Des luttes à la révolution, un parti utile, unitaire et révolutionnaire
Rosa Luxemburg énonce les choses d’une façon claire : « La social-démocratie est l’avant-garde la plus éclairée et la plus consciente du prolétariat. Elle ne peut ni ne doit attendre avec fatalisme, les bras croisés, que se produise une ’situation révolutionnaire’ ni que le mouvement populaire spontané tombe du ciel. [...] Pour entraîner les couches les plus larges du prolétariat dans une action politique de la social démocratie, et inversement pour que la social-démocratie puisse prendre et garder la direction véritable d’un mouvement de masse, et être à la tête de tout le mouvement au sens politique du terme, il faut qu’elle sache en toute clarté et avec résolution, fournir au prolétariat allemand pour la période des luttes à venir, une tactique et des objectifs. »3
Il faut être en capacité de proposer à chaque instant d’une mobilisation des mots d’ordre qui soient des points d’appui, des échéances pour construire le mouvement, redéfinir les objectifs immédiats au fur et à mesure. Ce n’est pas tâche aisée et demande une expérience qu’il est difficile d’acquérir dans des périodes de reflux des luttes. Les militant·es qui dirigent les mouvements doivent avoir la préoccupation permanente d’anticiper le coup d’après, de se soumettre à la validation des structures démocratiques de la mobilisation. Parfois ce que l’on propose est minoritaire et cela signifie que ce n’est pas en adéquation avec le moment du mouvement, ou pas pertinent ou encore que la mobilisation n’est pas en mesure de se l’approprier.

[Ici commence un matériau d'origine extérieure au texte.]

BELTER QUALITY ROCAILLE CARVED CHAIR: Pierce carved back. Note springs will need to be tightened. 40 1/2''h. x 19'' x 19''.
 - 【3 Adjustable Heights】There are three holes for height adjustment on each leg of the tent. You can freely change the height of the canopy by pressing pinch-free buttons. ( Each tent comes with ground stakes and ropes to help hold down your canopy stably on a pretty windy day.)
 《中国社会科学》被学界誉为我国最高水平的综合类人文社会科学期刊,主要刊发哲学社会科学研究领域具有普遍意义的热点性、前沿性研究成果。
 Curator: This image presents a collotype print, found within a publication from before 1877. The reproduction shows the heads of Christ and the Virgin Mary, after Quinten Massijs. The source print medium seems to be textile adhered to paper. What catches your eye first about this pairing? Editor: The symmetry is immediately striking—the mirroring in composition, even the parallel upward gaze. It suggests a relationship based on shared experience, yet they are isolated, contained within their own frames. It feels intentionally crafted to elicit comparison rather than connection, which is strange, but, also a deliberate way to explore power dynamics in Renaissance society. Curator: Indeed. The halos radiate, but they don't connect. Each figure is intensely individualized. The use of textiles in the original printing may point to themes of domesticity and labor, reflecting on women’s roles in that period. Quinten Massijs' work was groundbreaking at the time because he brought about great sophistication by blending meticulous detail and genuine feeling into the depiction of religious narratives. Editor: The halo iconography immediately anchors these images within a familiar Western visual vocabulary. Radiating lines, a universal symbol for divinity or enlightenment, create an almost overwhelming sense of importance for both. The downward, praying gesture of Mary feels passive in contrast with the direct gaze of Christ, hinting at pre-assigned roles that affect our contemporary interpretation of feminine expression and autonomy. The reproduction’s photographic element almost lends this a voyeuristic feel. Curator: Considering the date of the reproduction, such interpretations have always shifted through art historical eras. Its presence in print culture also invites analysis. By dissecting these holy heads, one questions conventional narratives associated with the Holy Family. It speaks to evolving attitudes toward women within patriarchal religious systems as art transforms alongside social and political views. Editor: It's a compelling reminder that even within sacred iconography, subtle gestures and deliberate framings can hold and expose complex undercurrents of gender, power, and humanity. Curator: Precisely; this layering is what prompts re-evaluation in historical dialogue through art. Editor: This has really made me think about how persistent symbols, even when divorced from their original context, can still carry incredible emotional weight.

Les débats sur les questions tactiques sont la réfraction des différents niveaux de conscience. Ils sont absolument nécessaires à l’homogénéisation, il n’y a pas de raccourci possible. De la bataille locale et limitée à la grève générale, nous avons la volonté raisonnée de construire l’unité du prolétariat et de ses organisations. C’est une des conditions nécessaires à un processus de transformation révolutionnaire de la société.
Dans cette perspective, nous tentons toujours de proposer une stratégie unifiante face à l’atomisation des luttes et des résistances et partant du niveau de conscience de notre classe tel qu’il est pour l’élever et le radicaliser. Pour reprendre le mot de Bensaïd, nous concevons « le parti comme une boîte de vitesse », capable tout autant de s’inscrire dans le temps long de la lutte que de saisir le moment pour radicaliser et généraliser l’affrontement avec la bourgeoisie. Luttes politiques, luttes économiques, batailles électorales, nous choisissons rarement les terrains, mais nous avons la volonté de les articuler et de réintégrer chaque lutte contre l’injustice, chaque résistance, dans le cadre général de la guerre de classe et de l’émancipation du prolétariat.

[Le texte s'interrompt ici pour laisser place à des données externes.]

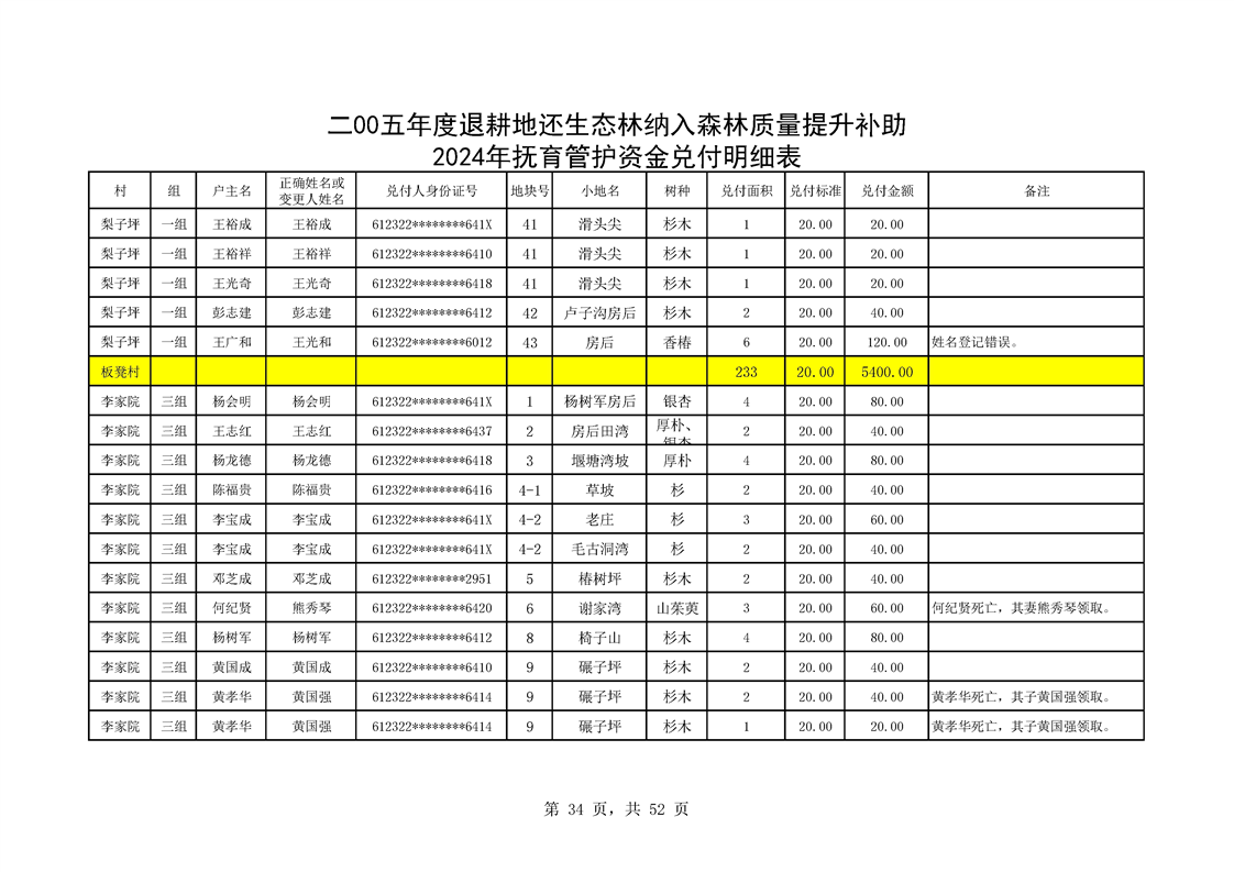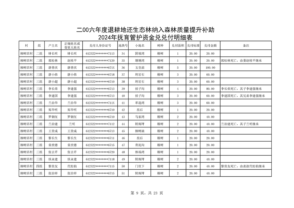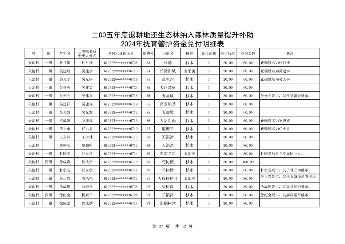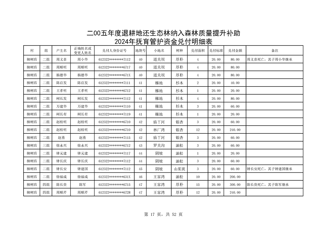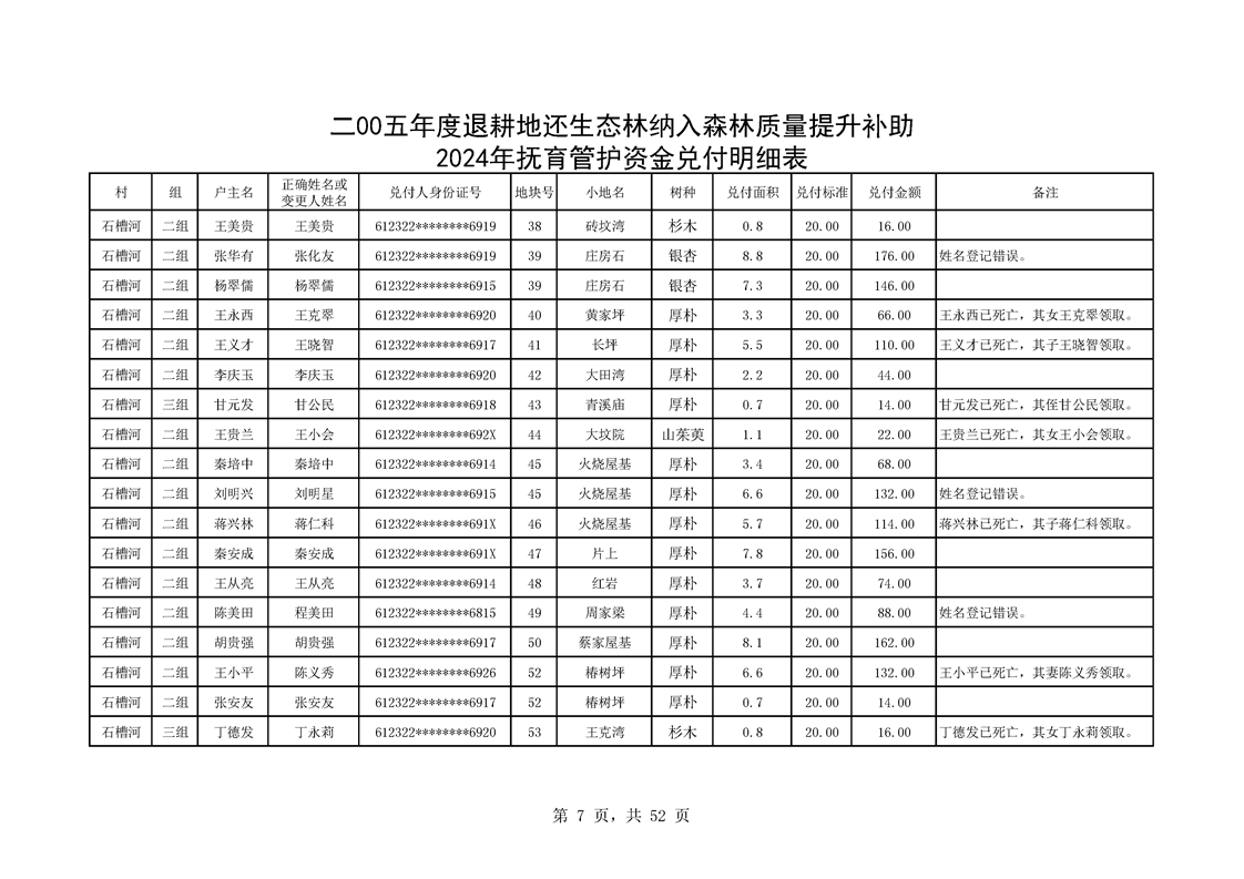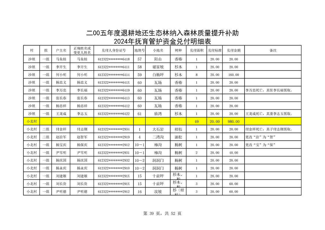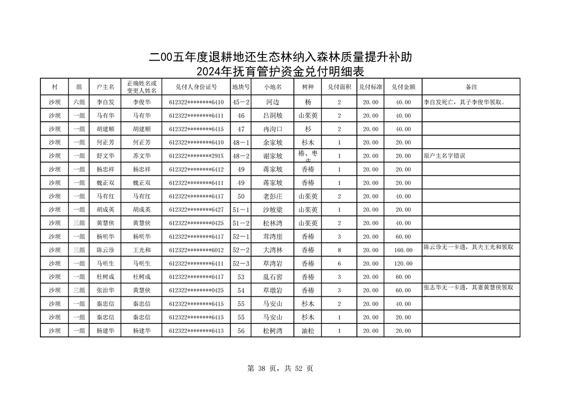 城固县林业局关于兑现2024年度上一轮退耕地还生态林森林质量提升补助资金发放明细公示

La force des militant·es politiques tient à leur capacité à penser les objectifs immédiats des batailles en cours en articulation avec des perspectives plus larges pour une généralisation et une radicalisation des mobilisations : une souplesse d’adaptation à la réalité du niveau de conscience et d’organisation sans perdre ses repères par rapport au système capitaliste et à ses institutions. Sur les licenciements par exemple, nous pouvons être amenés à défendre une intervention de l’État, un projet de SCOP, une reconversion, une intégration au service public sans perdre de vue l’interdiction des licenciements, la réduction du temps de travail et in fine l’abolition du salariat ! De même sur les modalités du mouvement, de l’interpellation des éluEs à l’occupation du lieu de travail, le chemin est long et tortueux vers la grève générale insurrectionnelle !
Rosa Luxemburg développe largement l’articulation entre luttes sociales et politiques : « Lorsque la lutte politique s’étend, se clarifie et s’intensifie, non seulement la lutte revendicative ne disparaît pas mais elle s’étend, s’organise, et s’intensifie parallèlement. Il y a inter action complète entre les deux.
Chaque nouvel élan et chaque nouvelle victoire de la lutte politique donnent une impulsion puissante à la lutte économique [...] Et inversement, la guerre économique incessante que les ouvriers livrent au capital tient en éveil l’énergie combative même aux heures d’accalmie politique; [...] En un mot la lutte économique présente une continuité, elle est le fil qui relie les différents nœuds politiques; la lutte politique est une fécondation périodique préparant le sol aux luttes économiques. »4
Un nouveau parti pour un nouveau cycle
En 2009, nous avons fait le pari que le cycle de luttes ouvert par 1995 et les scores de l’extrême gauche aux élections présidentielles de 2002 et 2007 seraient un tremplin suffisant pour fonder une nouvelle organisation dépassant largement la LCR, rassemblant anticapitalistes et révolutionnaires. Nous nous fixions « Deux tâches complémentaires [qui] se combinent : développer les luttes sociales, [...] construire un parti politique pour défendre un programme global d’émancipation. »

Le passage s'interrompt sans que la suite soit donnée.